Cities such as Birmingham and Nottingham are increasingly popular, while further north, Liverpool, Manchester and Leeds are hives of activity for landlords looking to expand portfolios – particularly if they’ve recently sold up in London or the South East.
We’ve seen our fair share of lending in these locations, but contrary to the tide of surveys tipping Birmingham as this year’s buy-to-let hotspot, I believe London is still a great market.
Now, hands up, I know the vast majority of brokers are outside the capital – I live in the Midlands myself and know how frustrating it can be to read about London’s housing market as though the rest of the UK was exactly the same. It’s not. But bear with me, because I think London might be a better prospect than the headlines would have you believe at the moment.
A deeper dive into the Capital
We recently commissioned some exclusive research from BDRC and found some interesting numbers that tally with our own experience.
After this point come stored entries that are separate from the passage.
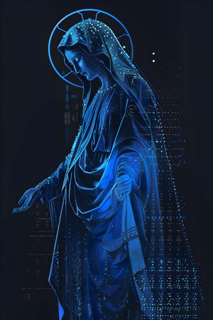 A graceful, modern illustration of the Holy Mother Mary, perfect for religious holidays.
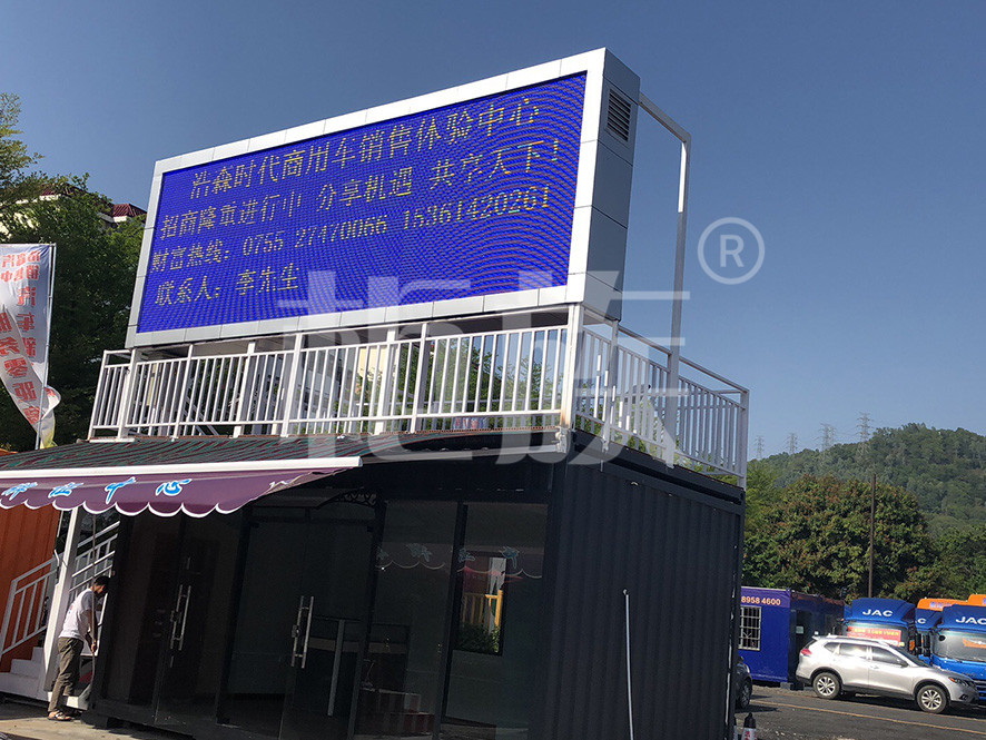 小而精的辦公室,一樓辦公帶遮陽(yáng)棚,側(cè)面樓梯可達(dá)二樓平臺(tái)。承重力強(qiáng),箱頂豎有大型LED廣告屏。室內(nèi)設(shè)衛(wèi)生間,可兼任住宿和短時(shí)休息用途。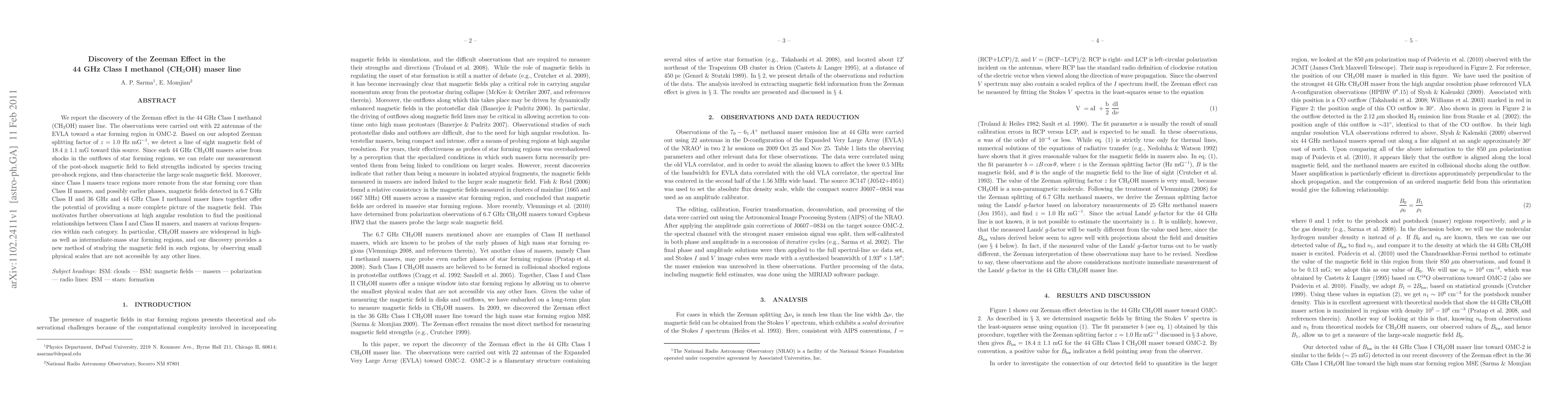 This paper reports the discovery of the Zeeman effect in the 44 GHz Class I methanol maser line, revealing a magnetic field of 18.4 +/- 1.1 mG in a star-forming region. This discovery provides a new method for studying magnetic fields in star-forming regions at small scales.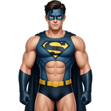 upper body male figure with superhero face, hair, and body standing with muscular build in thin, narrow superhero-themed underwear emoji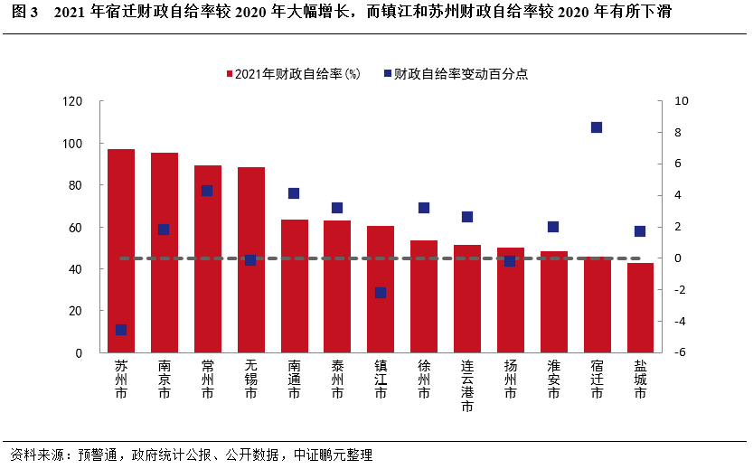 財(cái)政自給率方面,2021年蘇州和鎮(zhèn)江財(cái)政自給率較2020年分別下滑4.59個(gè)百分點(diǎn)、2.20個(gè)百分點(diǎn)至97.15%和60.29%,無錫和揚(yáng)州財(cái)政自給率基本和2020年持平,宿遷財(cái)政自給率提升較為明顯,2021年宿遷財(cái)政自給率上升8.28個(gè)百分點(diǎn)至45.80%,主要系2021年宿遷綜合財(cái)力較2020年增加明顯,且一般公共預(yù)算支出變動(dòng)不大所致。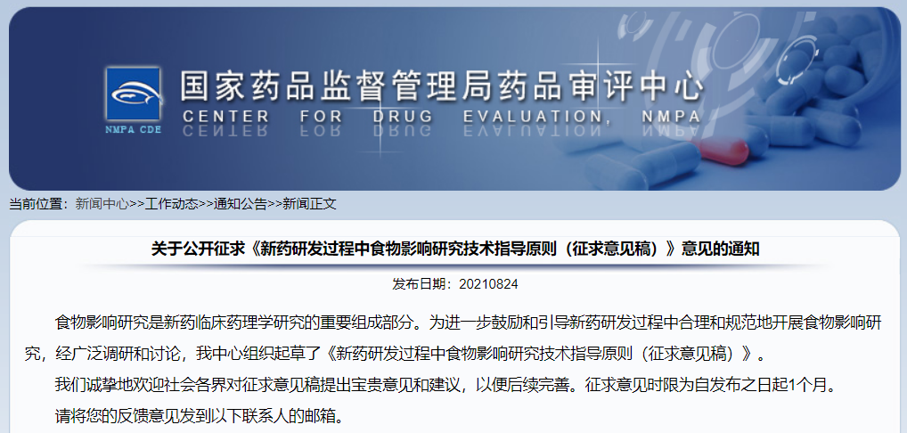 關(guān)于公開征求《新藥研發(fā)過程中食物影響研究技術(shù)指導(dǎo)原則(征求意見稿)》意見的通知

London has been through a couple of years of house prices under pressure and there is definitely evidence that a lot of landlords in the capital have been offloading unprofitable properties following the tax relief changes.
Brexit has also prompted many of the big banking and financial services providers headquartered in London to move staff back to the continent over the past couple of years, putting a severe dent on demand for premium rental stock in central London. Rental incomes suffered as a result.
There’s also been a lot of new stock of flats for rent coming onto the London market over the past 24 months, adding to the pressure on rents.
The combination of these factors means that now, savvy landlords are finding there are some good deals to be had in the capital – an area of the UK that has historically always delivered excellent capital growth.
For example, BDRC found that the situation in central London is showing signs of improvement with a 5 per cent increase in the proportion of landlords reporting increasing demand from tenants. The proportion of landlords reporting falling rents in central London in Q2 has also halved from Q1.
According to BDRC’s research, mean rental yields in the capital remain strong with central London returning 6.2 per cent and outer London 5.9 per cent. These are not insignificant returns, and where properties are flooding onto the market, there’s also plenty of scope to get a decent discount on purchase prices, which can go some way to offsetting the higher stamp duty costs.
In spite of the tide of so-called ‘dire’ warnings about the property market in London, we think there’s opportunity to be found.